→ **Task instructions**:
Output exactly, in the material below, the lines from the one with "Karya yang dikirimkan" through the one with "Ensimmäiset KU9-kurssin lasitetut". Omit all pictures.

→ **Stored data**:

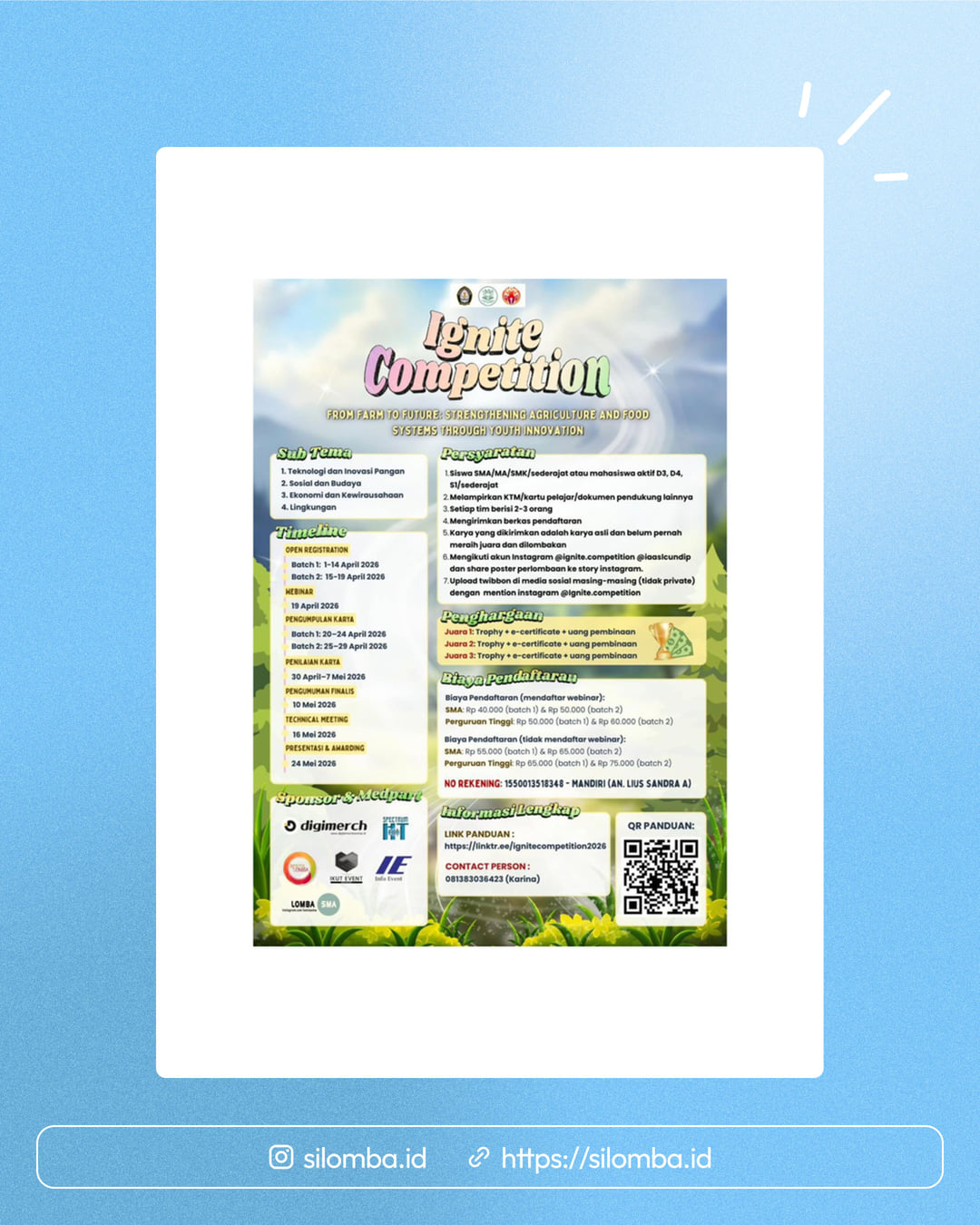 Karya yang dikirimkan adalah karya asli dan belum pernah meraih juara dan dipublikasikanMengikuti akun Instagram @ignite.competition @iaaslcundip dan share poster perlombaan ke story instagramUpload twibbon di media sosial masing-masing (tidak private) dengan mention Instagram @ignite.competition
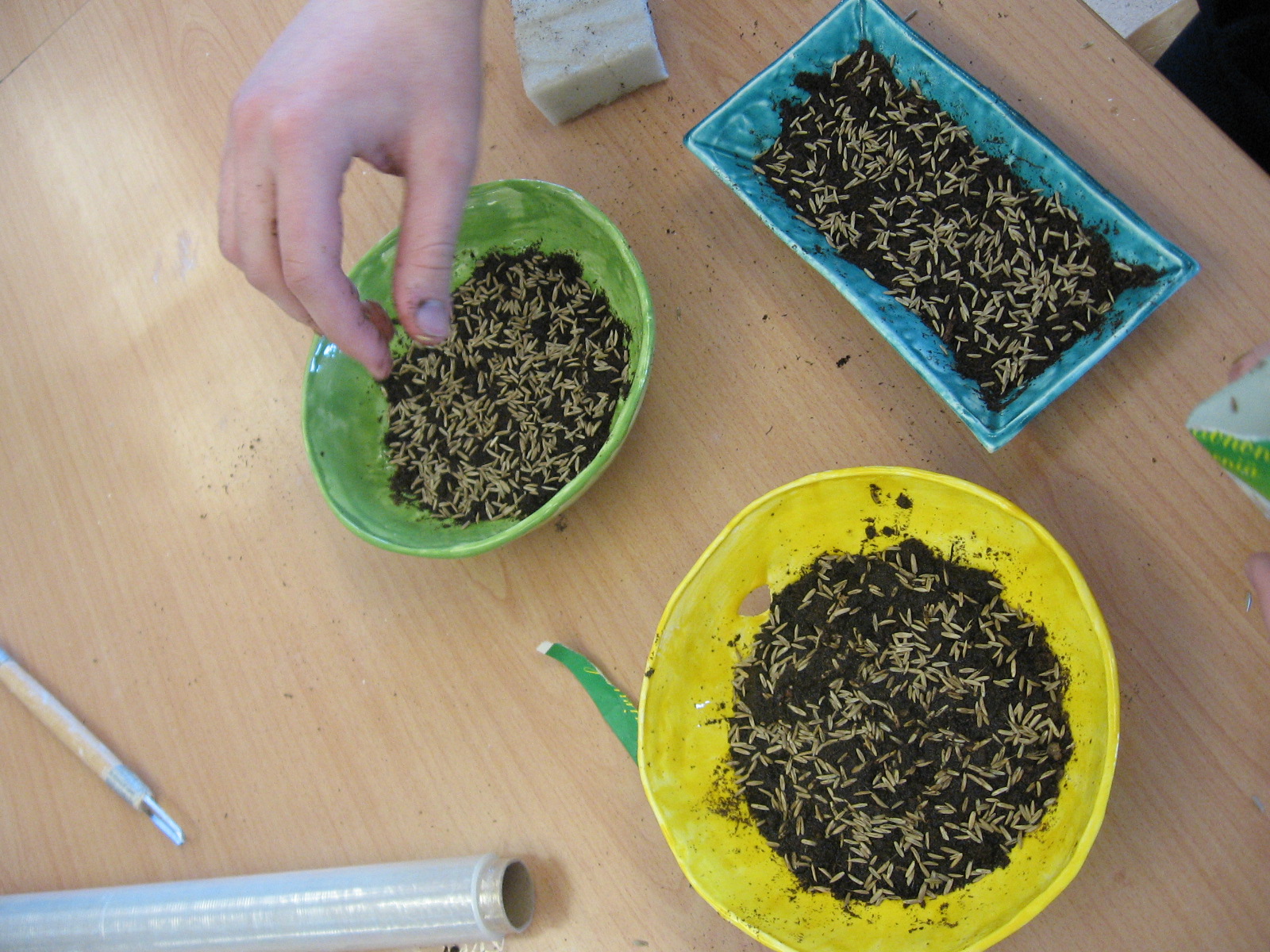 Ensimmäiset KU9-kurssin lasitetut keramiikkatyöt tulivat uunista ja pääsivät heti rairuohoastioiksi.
...
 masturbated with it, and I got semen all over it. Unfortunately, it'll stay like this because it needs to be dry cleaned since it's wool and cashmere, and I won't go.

→ **Result below**:
 Karya yang dikirimkan adalah karya asli dan belum pernah meraih juara dan dipublikasikanMengikuti akun Instagram @ignite.competition @iaaslcundip dan share poster perlombaan ke story instagramUpload twibbon di media sosial masing-masing (tidak private) dengan mention Instagram @ignite.competition
 Ensimmäiset KU9-kurssin lasitetut keramiikkatyöt tulivat uunista ja pääsivät heti rairuohoastioiksi.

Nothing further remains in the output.